Le Gabon franchit une nouvelle étape dans sa stratégie de valorisation de son capital naturel. Le programme de conservation « Gabon Infini », estimé à 200 millions de dollars (environ 121 milliards de FCFA), bénéficie désormais d’un appui financier majeur, notamment celui du fondateur d’Amazon, Jeff Bezos.
Selon des informations relayées par Bloomberg, ce dernier a personnellement contribué à hauteur de 50 millions de dollars à travers son fonds philanthropique dédié à l’environnement. Cette initiative est menée en partenariat avec une organisation internationale de conservation et les autorités gabonaises, dans un montage financier innovant.
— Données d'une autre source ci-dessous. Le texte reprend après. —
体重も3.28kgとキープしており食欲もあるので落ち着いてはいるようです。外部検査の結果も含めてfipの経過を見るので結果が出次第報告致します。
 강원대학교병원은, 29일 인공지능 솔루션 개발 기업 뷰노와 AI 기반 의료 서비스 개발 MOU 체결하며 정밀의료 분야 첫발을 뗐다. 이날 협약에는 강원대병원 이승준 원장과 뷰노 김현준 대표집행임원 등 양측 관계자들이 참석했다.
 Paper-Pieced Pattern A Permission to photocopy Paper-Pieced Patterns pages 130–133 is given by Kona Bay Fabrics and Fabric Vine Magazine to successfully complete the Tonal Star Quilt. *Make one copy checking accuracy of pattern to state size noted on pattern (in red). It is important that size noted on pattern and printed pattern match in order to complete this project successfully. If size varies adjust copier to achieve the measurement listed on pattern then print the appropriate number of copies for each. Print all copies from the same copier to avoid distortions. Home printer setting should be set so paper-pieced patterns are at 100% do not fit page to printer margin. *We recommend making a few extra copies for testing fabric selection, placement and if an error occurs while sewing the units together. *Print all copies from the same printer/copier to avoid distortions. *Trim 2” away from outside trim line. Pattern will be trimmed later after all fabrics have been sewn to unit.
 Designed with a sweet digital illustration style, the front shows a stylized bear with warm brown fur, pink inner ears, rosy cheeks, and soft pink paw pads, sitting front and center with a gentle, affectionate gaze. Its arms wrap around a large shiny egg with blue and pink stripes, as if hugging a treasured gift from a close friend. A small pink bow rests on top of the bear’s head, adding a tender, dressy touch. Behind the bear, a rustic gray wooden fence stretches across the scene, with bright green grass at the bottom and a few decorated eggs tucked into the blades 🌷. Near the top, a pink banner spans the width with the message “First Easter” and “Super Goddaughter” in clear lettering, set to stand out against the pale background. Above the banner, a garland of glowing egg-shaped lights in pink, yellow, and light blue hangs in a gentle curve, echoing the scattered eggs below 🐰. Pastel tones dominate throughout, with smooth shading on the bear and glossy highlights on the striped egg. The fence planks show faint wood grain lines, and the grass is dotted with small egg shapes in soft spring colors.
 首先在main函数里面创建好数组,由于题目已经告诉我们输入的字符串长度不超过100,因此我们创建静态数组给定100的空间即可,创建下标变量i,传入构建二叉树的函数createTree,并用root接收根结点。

Le projet repose sur le mécanisme dit de « Project Finance for Permanence » (PFP), un modèle qui se distingue des financements classiques. Ici, les fonds ne sont pas versés en une seule fois, mais débloqués progressivement sur une période de plus de dix ans, en fonction de l’atteinte d’objectifs précis, notamment sur le plan législatif et environnemental.
L’ambition affichée est considérable. Le programme vise à protéger 30 % des terres, des rivières et des espaces marins du pays d’ici 2030. Cela passe notamment par une gestion renforcée de près de 3,9 millions d’hectares de forêts et la préservation de 18 000 kilomètres de cours d’eau.
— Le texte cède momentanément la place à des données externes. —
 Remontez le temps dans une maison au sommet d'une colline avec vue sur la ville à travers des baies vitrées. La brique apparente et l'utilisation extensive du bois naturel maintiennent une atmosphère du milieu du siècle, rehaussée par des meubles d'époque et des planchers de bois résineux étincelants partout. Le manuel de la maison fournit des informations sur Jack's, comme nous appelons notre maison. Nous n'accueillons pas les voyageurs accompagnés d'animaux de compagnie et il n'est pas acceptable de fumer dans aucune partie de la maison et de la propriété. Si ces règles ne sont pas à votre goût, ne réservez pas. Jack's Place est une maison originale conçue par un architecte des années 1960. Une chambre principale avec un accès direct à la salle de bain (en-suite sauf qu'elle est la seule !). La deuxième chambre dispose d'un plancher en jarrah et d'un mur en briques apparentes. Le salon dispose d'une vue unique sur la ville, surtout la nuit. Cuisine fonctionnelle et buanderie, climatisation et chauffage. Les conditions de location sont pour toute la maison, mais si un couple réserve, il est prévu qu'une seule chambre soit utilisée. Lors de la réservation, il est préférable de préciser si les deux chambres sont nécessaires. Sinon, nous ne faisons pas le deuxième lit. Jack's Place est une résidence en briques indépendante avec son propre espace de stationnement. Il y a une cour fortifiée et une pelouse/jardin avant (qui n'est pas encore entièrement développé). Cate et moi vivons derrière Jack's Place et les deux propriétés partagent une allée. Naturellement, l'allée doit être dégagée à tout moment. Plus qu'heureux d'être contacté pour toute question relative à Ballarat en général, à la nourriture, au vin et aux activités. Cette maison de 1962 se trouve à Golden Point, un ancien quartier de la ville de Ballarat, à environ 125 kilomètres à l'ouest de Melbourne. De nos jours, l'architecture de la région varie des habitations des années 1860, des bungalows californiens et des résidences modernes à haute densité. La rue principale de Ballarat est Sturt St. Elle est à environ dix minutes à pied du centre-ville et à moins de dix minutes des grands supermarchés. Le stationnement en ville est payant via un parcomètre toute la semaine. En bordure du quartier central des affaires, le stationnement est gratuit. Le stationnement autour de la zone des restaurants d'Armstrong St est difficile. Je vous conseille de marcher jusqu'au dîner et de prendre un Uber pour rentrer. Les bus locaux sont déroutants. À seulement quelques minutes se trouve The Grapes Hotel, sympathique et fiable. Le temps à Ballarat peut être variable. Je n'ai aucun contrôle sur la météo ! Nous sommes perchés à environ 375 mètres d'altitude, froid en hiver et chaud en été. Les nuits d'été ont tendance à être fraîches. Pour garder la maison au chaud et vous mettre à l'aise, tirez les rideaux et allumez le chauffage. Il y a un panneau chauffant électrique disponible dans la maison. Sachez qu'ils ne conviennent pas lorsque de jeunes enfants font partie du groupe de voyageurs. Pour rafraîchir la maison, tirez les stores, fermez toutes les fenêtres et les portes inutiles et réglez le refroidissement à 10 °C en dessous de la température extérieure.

Au-delà de l’enjeu écologique, « Gabon Infini » porte également une dimension économique. Les autorités espèrent générer jusqu’à 100 000 emplois verts, en particulier dans les secteurs de l’écotourisme et de l’agriculture durable. Une manière de diversifier l’économie nationale, encore largement dépendante des revenus pétroliers.
Avec un territoire couvert à près de 88 % par des forêts, le Gabon mise sur la monétisation de ses ressources naturelles comme levier de développement. Ce capital écologique représente un potentiel financier estimé à plusieurs milliards de dollars, selon des institutions financières africaines.
Ce projet pourrait ainsi faire du pays un modèle en matière de finance environnementale sur le continent. Toutefois, sa réussite dépendra de la capacité des acteurs impliqués à garantir une mise en œuvre efficace, transparente et durable des engagements pris.